◆ **What you will do**
Only the lines from the one containing "Eine neue visuelle" through the last line of the data below belong in your answer, copied exactly and without pictures.

(Recorded data)
= = = = =
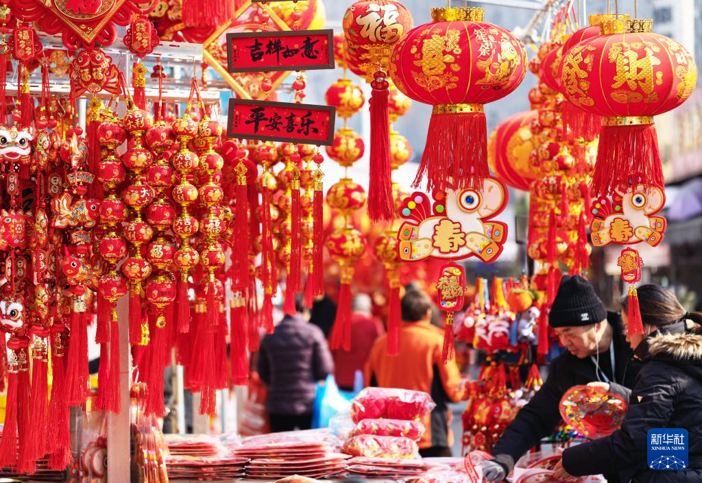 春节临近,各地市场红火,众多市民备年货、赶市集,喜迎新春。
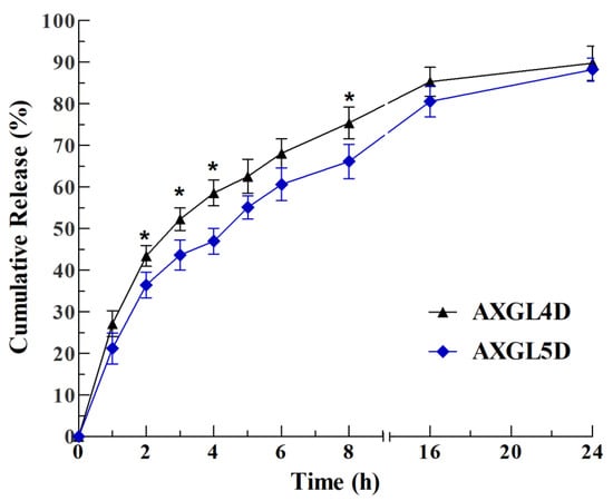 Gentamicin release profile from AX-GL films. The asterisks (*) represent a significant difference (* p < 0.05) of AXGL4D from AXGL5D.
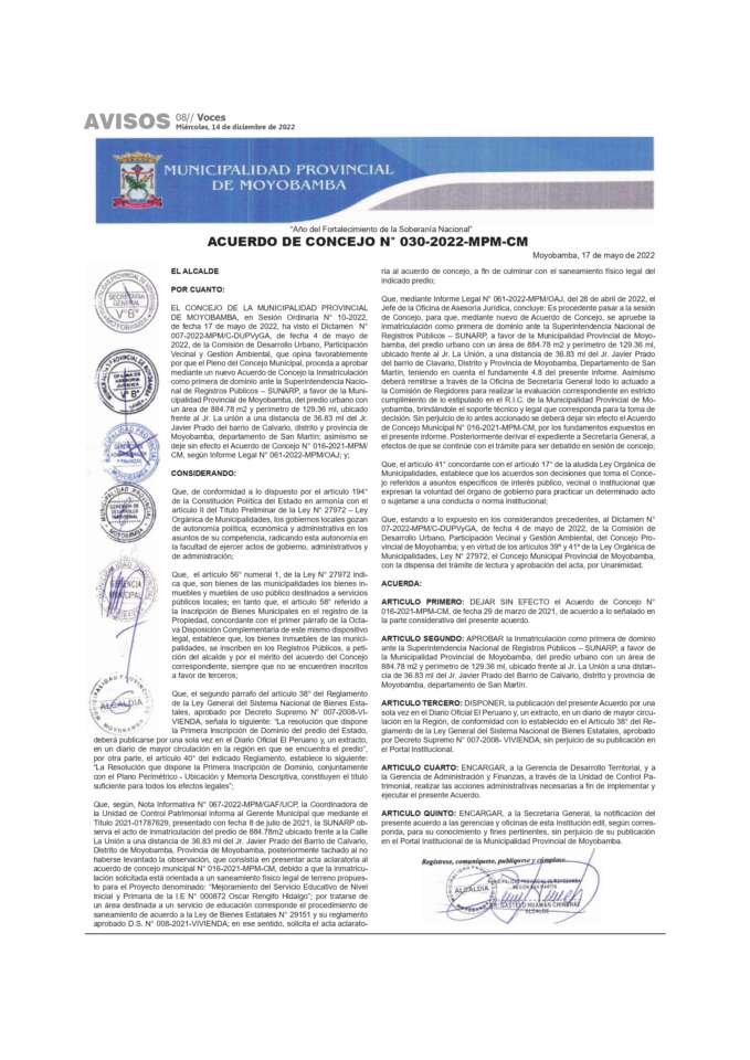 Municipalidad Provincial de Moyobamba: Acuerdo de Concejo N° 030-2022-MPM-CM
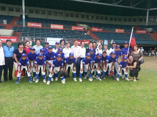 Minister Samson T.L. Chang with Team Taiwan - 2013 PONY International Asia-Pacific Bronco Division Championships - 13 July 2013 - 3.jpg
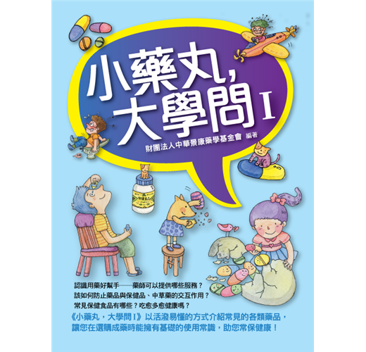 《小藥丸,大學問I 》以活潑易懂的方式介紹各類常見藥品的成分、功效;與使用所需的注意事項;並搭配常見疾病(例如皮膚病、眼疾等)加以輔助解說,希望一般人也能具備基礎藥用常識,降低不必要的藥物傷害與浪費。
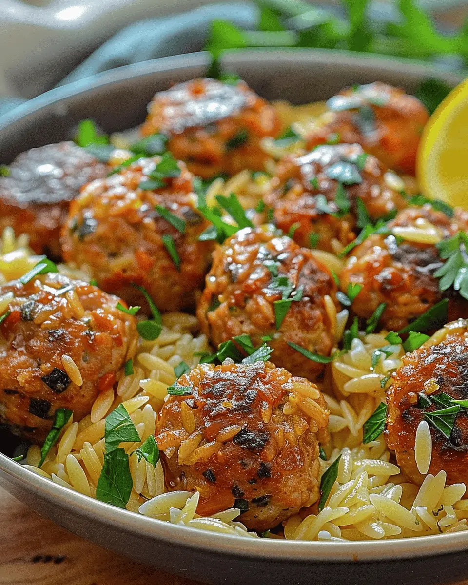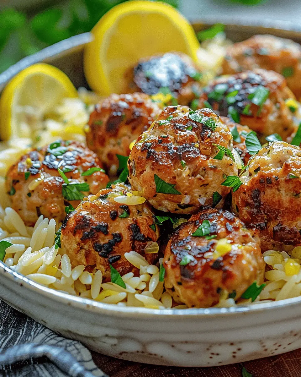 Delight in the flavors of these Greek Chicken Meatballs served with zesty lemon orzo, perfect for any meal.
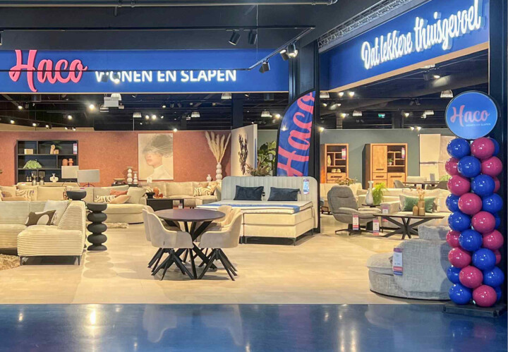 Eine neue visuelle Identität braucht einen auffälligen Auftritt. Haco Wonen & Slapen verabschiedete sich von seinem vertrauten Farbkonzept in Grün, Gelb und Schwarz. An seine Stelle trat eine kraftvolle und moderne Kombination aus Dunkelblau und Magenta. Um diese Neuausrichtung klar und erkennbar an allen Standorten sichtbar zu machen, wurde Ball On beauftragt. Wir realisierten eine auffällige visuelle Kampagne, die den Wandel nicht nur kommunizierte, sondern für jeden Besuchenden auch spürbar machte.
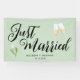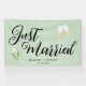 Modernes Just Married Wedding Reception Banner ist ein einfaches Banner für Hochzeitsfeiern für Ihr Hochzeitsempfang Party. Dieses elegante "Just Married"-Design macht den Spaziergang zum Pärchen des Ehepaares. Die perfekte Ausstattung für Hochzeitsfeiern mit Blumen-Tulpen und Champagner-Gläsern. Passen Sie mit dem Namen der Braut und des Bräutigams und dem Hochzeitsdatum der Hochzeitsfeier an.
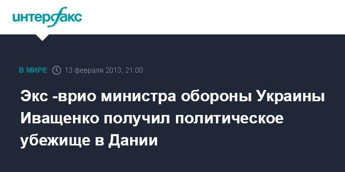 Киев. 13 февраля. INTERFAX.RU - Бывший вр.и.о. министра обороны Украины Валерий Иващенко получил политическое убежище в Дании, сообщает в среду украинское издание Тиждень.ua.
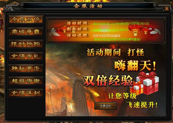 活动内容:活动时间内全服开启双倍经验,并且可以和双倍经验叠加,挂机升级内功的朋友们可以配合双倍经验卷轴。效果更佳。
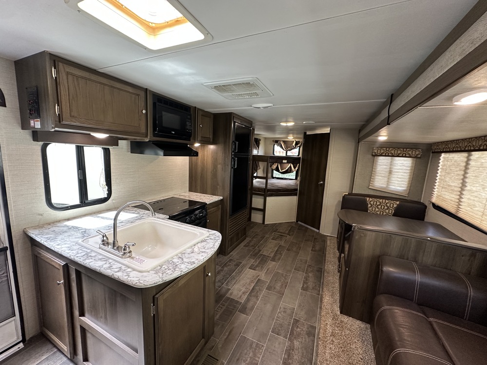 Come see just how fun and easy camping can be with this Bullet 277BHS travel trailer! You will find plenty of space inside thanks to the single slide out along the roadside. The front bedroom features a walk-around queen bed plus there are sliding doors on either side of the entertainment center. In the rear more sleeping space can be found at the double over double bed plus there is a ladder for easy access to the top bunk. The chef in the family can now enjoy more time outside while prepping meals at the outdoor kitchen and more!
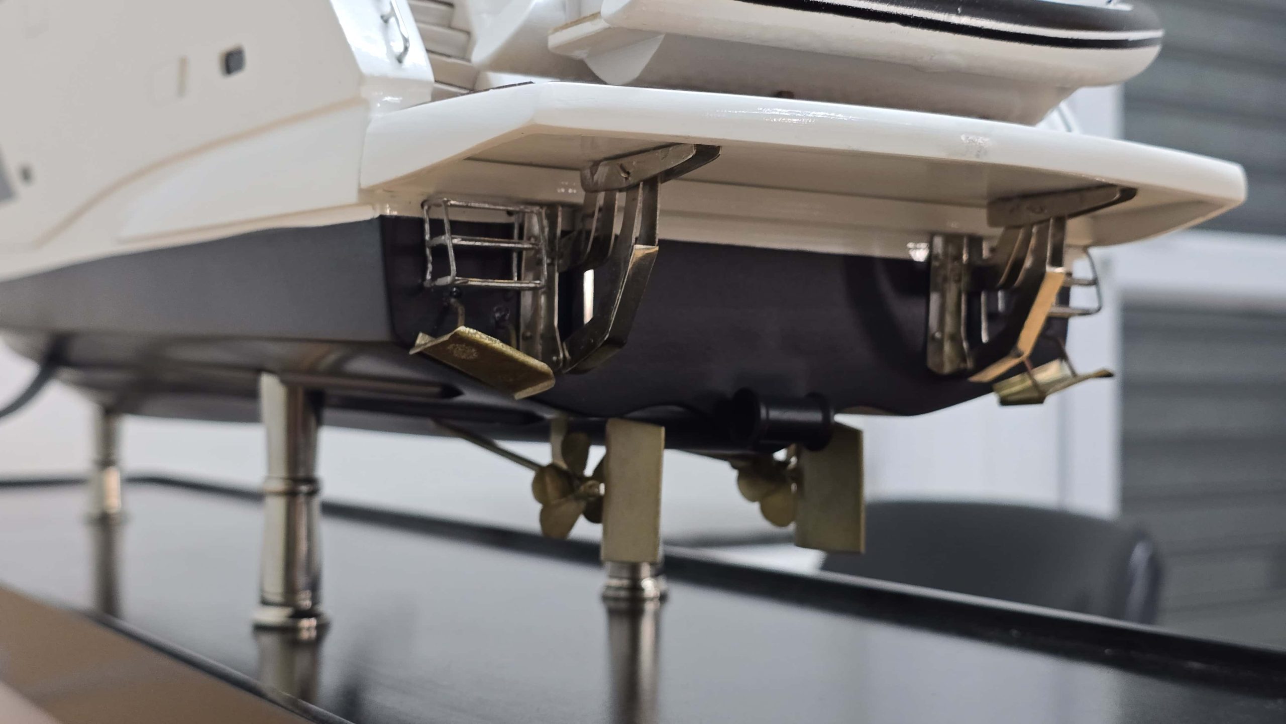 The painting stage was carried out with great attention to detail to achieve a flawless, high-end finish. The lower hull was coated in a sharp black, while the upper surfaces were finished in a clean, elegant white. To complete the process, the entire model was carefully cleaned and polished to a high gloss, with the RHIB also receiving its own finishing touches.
= = = = =
◆ **Expected answer**
 Eine neue visuelle Identität braucht einen auffälligen Auftritt. Haco Wonen & Slapen verabschiedete sich von seinem vertrauten Farbkonzept in Grün, Gelb und Schwarz. An seine Stelle trat eine kraftvolle und moderne Kombination aus Dunkelblau und Magenta. Um diese Neuausrichtung klar und erkennbar an allen Standorten sichtbar zu machen, wurde Ball On beauftragt. Wir realisierten eine auffällige visuelle Kampagne, die den Wandel nicht nur kommunizierte, sondern für jeden Besuchenden auch spürbar machte.
 Modernes Just Married Wedding Reception Banner ist ein einfaches Banner für Hochzeitsfeiern für Ihr Hochzeitsempfang Party. Dieses elegante "Just Married"-Design macht den Spaziergang zum Pärchen des Ehepaares. Die perfekte Ausstattung für Hochzeitsfeiern mit Blumen-Tulpen und Champagner-Gläsern. Passen Sie mit dem Namen der Braut und des Bräutigams und dem Hochzeitsdatum der Hochzeitsfeier an.
 Киев. 13 февраля. INTERFAX.RU - Бывший вр.и.о. министра обороны Украины Валерий Иващенко получил политическое убежище в Дании, сообщает в среду украинское издание Тиждень.ua.
 活动内容:活动时间内全服开启双倍经验,并且可以和双倍经验叠加,挂机升级内功的朋友们可以配合双倍经验卷轴。效果更佳。
 Come see just how fun and easy camping can be with this Bullet 277BHS travel trailer! You will find plenty of space inside thanks to the single slide out along the roadside. The front bedroom features a walk-around queen bed plus there are sliding doors on either side of the entertainment center. In the rear more sleeping space can be found at the double over double bed plus there is a ladder for easy access to the top bunk. The chef in the family can now enjoy more time outside while prepping meals at the outdoor kitchen and more!
 The painting stage was carried out with great attention to detail to achieve a flawless, high-end finish. The lower hull was coated in a sharp black, while the upper surfaces were finished in a clean, elegant white. To complete the process, the entire model was carefully cleaned and polished to a high gloss, with the RHIB also receiving its own finishing touches.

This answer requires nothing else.